Salvadoran swimmer (born 1991)

Pamela Benítez (born May 9, 1991) is a female swimmer from El Salvador. She was the country's flagbearer in the Open Ceremonies of the 2010 Central American and Caribbean Games.

She has swum for El Salvador at the:
- World Championships: 2007 and 2009
- Pan American Games: 2007
- Central American & Caribbean Games: 2006 and 2010

At the 2010 Central American and Caribbean Games, she won three bronze medals (in the 200, 400 and 800 freestyles).

At the 2010 Central American Games, she was El Salvadores' most decorated athlete, winning 8 gold medals.
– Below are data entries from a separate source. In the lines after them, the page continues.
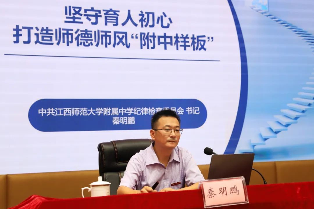 秦明鹏以《坚守教育初心,打造师德师风“附中样板”》为题,从“是什么”“为什么”“怎么做”三方面切入,详细阐述了新时代师德师风的内涵及要求、师德师风对教师职业发展的重要性,以及打造师德师风“附中样板”的具体途径,以此强调青年教师必须树立好附中风范,强化底线意识,扣好职业生涯的“第一粒扣子”。
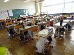 次に、放送で地震が起きたことを伝えると、子どもたちは黙って机の下に入り、頭を守る姿勢になりました。
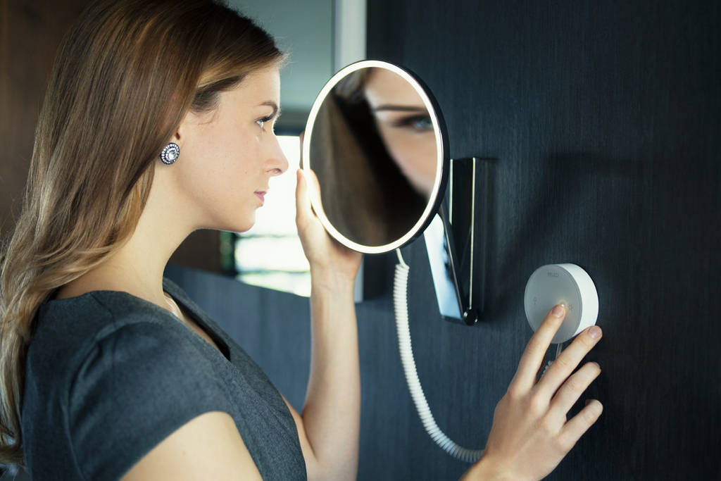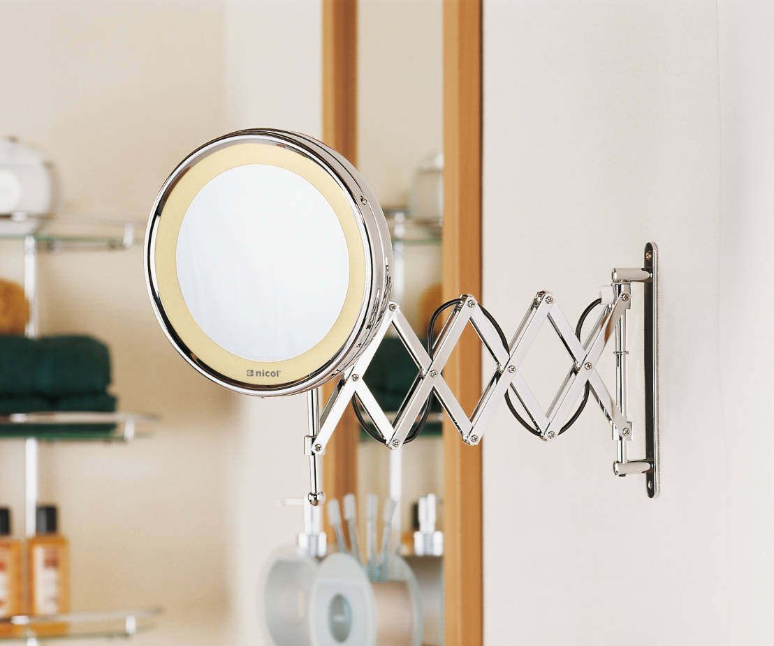 - Le miroir mural cosmétique est fixé au mur à l'aide d'un support articulé, grâce auquel le produit peut être tourné.
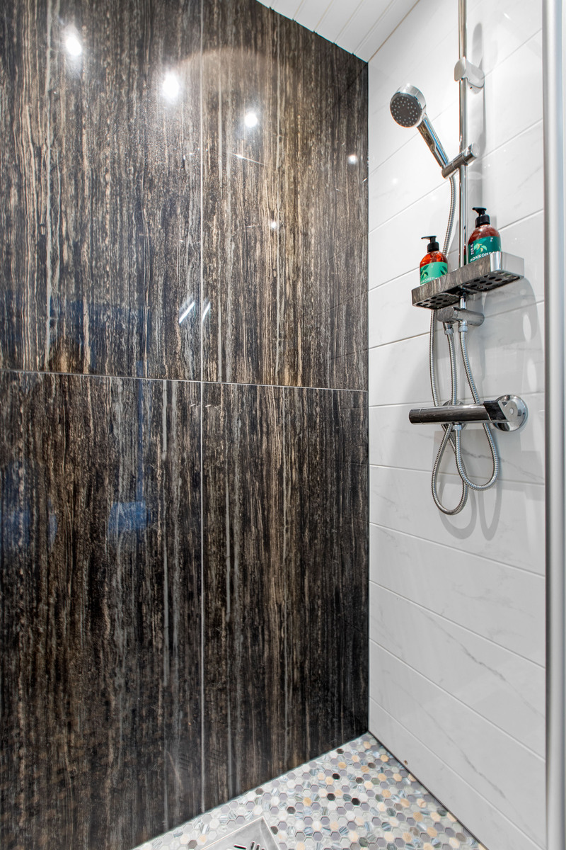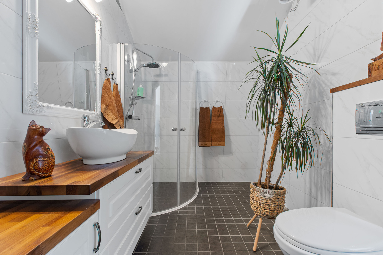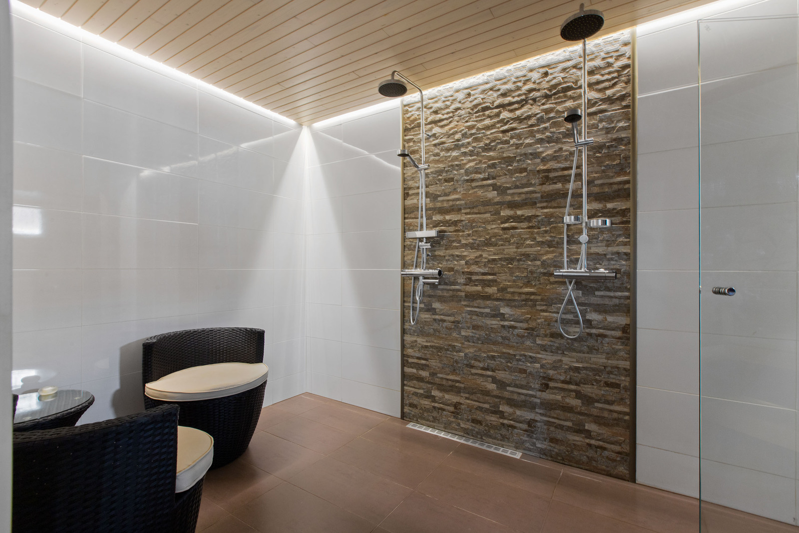 | Kylpyhuoneen kuvaus | Suihkuseinä, lattialämmitys, suihku, wc-istuin, peili, allaskaappi ja kiinteät valaisimet, asennettuja erikoisvarusteita, seinät (kaakeli), lattiat (laatta) |
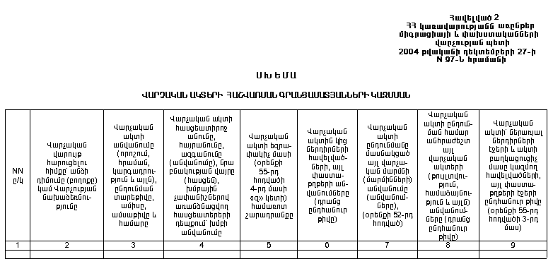 ՎԱՐՉԱԿԱՆ ԱԿՏԵՐԻ ՀԱՇՎԱՌՄԱՆ ԳՐԱՆՑԱՄԱՏՅԱՆՆԵՐԻ ԿԱԶՄՄԱՆ
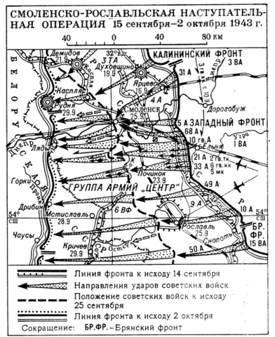 15 сентября 1943 года армии Западного фронта перешли в наступление. Основной удар в направлении Починок-Орша наносился силами 10-й гвардейской, 21-й и 33-й армий. В первый день операции главная полоса обороны противника была прорвана почти на всех направлениях. Наступавшим войскам оказывали помощь партизаны. Нем.-фаш. командование было вынуждено начать отвод осн. сил группы армий "Центр" к Смоленску.
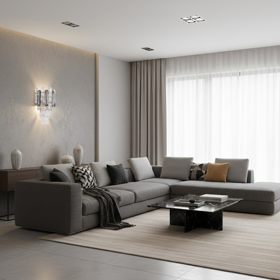 L'applique Orgina non è un semplice corpo illuminante, ma un vero e proprio gioiello da parete. Caratterizzata da un design sofisticato e architettonico, questa lampada fonde l'eleganza classica del cristallo con un rigore geometrico assolutamente moderno.
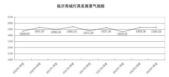 三季度灯具类发展景气指数收于1930.59点,同比上涨55.00点,涨幅2.93%;环比上涨1.01点,涨幅0.05%。
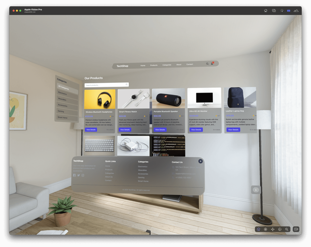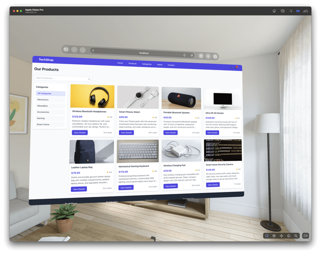 The screenshots below show how this sample project looks on different platforms. Only the last screenshot runs as a Packaged WebSpatial App on visionOS and activates spatialized UI. All other screenshots show the project running directly in regular browsers that do not support the WebSpatial API (including Safari on visionOS).
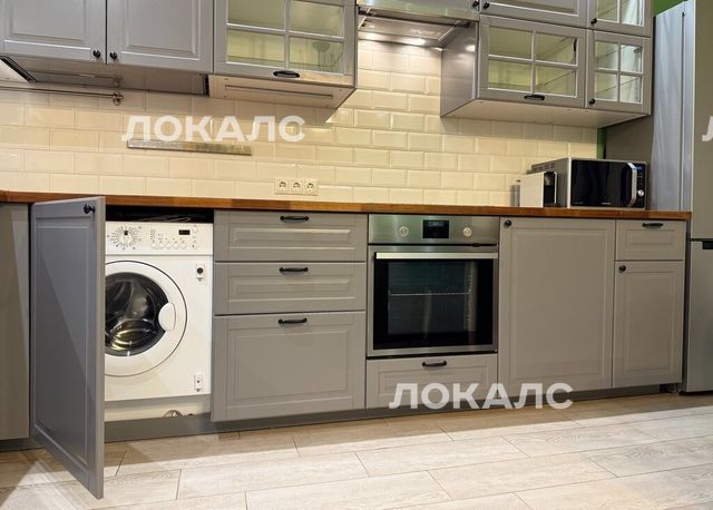 В квартире есть стиральная машина, кондиционер, два больших встроенных шкафа, кровать с подъемным механизмом, духовой шкаф, СВЧ-печь, холодильник, wi-fi, интернет-порт в зале, домофон.
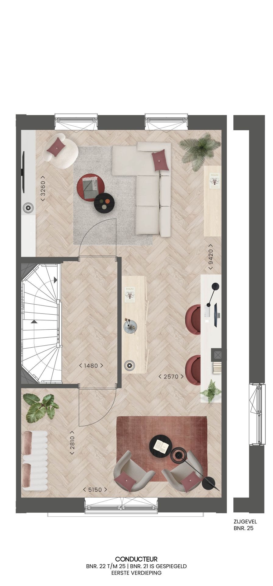 Aan de sfeervolle Spoorstraat liggen de herenhuizen van het type Conducteur. Deze woningen vallen direct op door hun charmante uitstraling: een mooie gemêleerde gevelsteen, afwisselende gevelindeling en elegante Franse balkons geven het geheel een karaktervolle en tijdloze look.
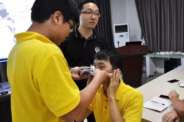 張煥醫(yī)生現(xiàn)場為技工們演示面弓的使用
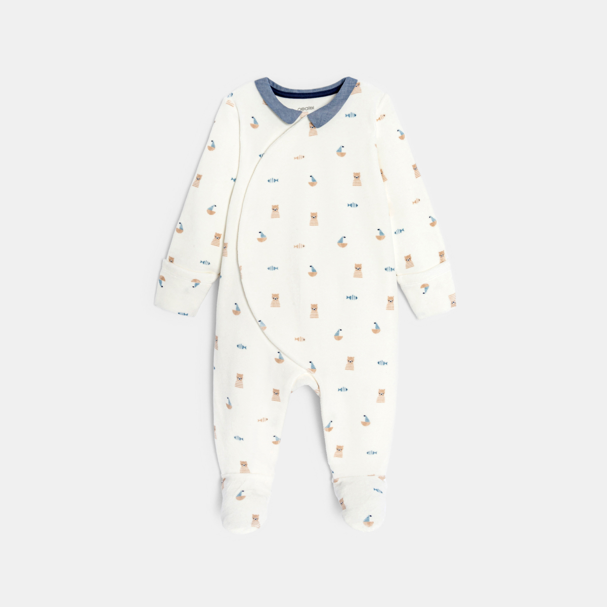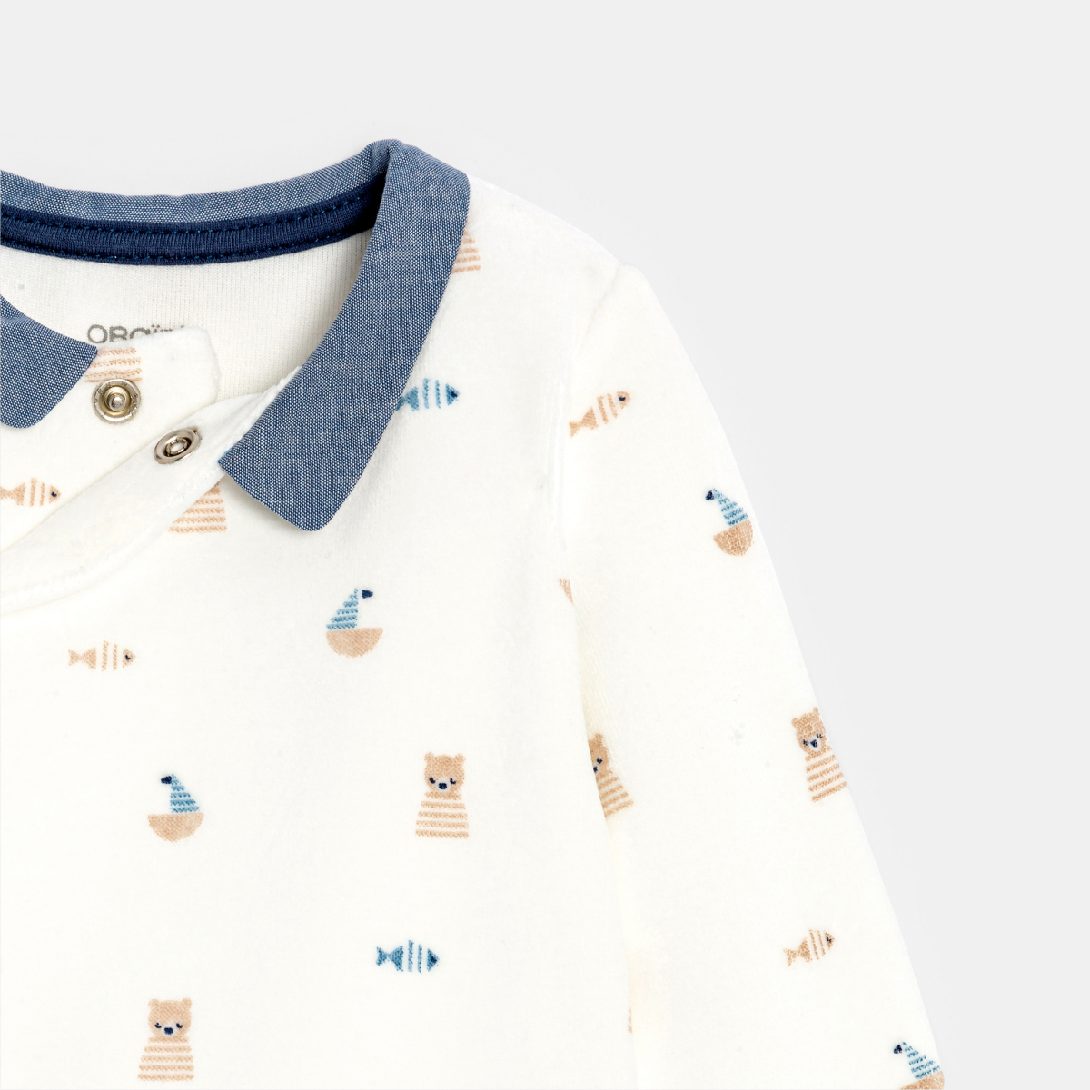 وصفي بيجامة مكونة من قطعة واحدة تجعل الصغار ينعمون بلمسة من الدفئ والنعومة في لياليهم الباردة، فهي قطعة أساسية في خزانة ملابس الأطفال الصغار. مزينة برسومات على شكل دب وقوارب وأسماك، مع ياقة صغيرة بلون مختلف. الفتح بأزرار كبس من الأمام لسهولة الارتداء ورضيعكِ يرقد على ظهره.
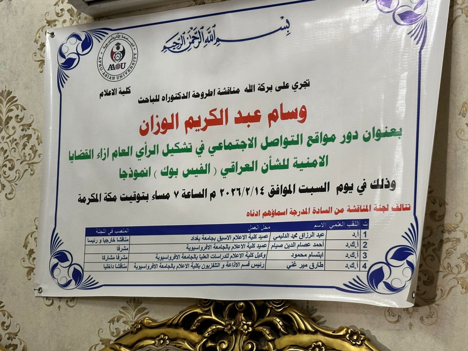 حصل الدكتور وسام الوزان اليوم السبت ٢٠٢٦-٢-١٤ على شهادة الدكتوراه في الاعلام من كلية الاعلام في الجامعة الافرواسيوية وبتقدير امتياز مع مرتبة الشرف مع التوصية بطبع الاطروحة على نفقة الجامعة.

She joined the Southern Illinois Salukis swimming team for the Spring 2012 season and inspired all. She won 12 of her first 13 races and was a Missouri Valley Conference first-team All-Conference selection.

Benitez represented El Salvador in the 2012 London Olympic Games, swimming the 800-meter freestyle.